It’s REALLY easy – You don’t.
Not only should you NOT avoid failure, but if you DO then you are actually doing yourself the greatest disfavor in YOUR LIFE, and I`m not being dramatic.
Here`s what people don’t get about failure, it’s your greatest asset to have experienced failure and survive it. It sets you apart from all the other mofos out there who are trying to avoid, failure, pain, hurt, disappointment, anger, whatever pushes you to FEEL something uncomfortable. Because if you can feel all of those things and keep going – with life – then you are already accomplishing something great. Have pride in that.
IF you are one of those who avoid, sorry not sorry, its time to grow some, its time to step up, its time to let go of the fear. You’re not going to break if you experience failure, and if you do its no one’s fault except your own. Truly. It’s your own feelings, your thoughts, your life – so if you choose to dive into hiding or into a breakdown and STAY there then it’s on you. Living in your comfort zone is going to be just that- comfortable, and frankly boring af. But hey- if that’s what you’re into YOU DO YOU man, but all I`m saying is that you are missing out.
Failure teaches you resilience, it teaches you who you are and what you are made of. So meet yourself, take a chance: plummet hard or soar high, either way, there WILL be a massive take away, I can PROMISE that- and I don’t promise a lot.

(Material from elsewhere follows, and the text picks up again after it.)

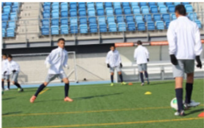
Los niños y jóvenes entrenaron en la Ciudad Deportiva Valdebebas con monitores de las divisiones menores del Real Madrid.

Cuando la delegación arribó a la capital española, la primera actividad planificada por la Fundación fue la visita a la Ciudad Deportiva Valdebebas, donde se observó el entrenamiento del primer equipo del Real Madrid con todas sus figuras.

Failure taught me so much in my life, and I have it to thank for the perseverance I have to this day. As someone who danced competitively for years, I have won and I have lost, but the biggest take away for me was when I realized that each performance I did until I was 16 felt like little failures because I did it with half of my heart, it was never MY best because I never even tried giving my 100% during the performances… because of what exactly? Failure- to others, to myself, judgment by anyone and everyone. And honestly, I didn’t realize ANY of this until I joined my high school dance club- slightly pitiful I know… but it took the pressure, the doubt, the FEAR away and for the first time EVER I danced wholeheartedly and didn’t care about the failure that could be or the judgment that happened anyways because in those moments all that mattered was my heart, my body, and the stage. Failure didn’t stop me, and the results didn’t hurt me they pushed me to be greater. Don’t fear failure, love failure.
NEXT: Failure does NOT define you.
I`m good at “school”. At least that’s what I thought, but honestly, I have failed. And probably at the worst point in my life that I could- university. At the time I felt like a failure, I wasn’t capable, I didn’t have what it took to be a good student, I was not enough – the classic. And it took, honestly, failing three more courses to realize that my self-worth should NOT depend on a mark, on a letter, on the result of my knowledge in an extremely high-stress environment, performing during an emotional state of mind, or really ANYTHING. No one decides what I am worth except myself. School is such a strange concept to me still, and the more I think about it the more I doubt its credibility- but that’s for another article- in the end, I learned through failure that I am the boss of my confidence. And I mean I still have a degree so… fight me.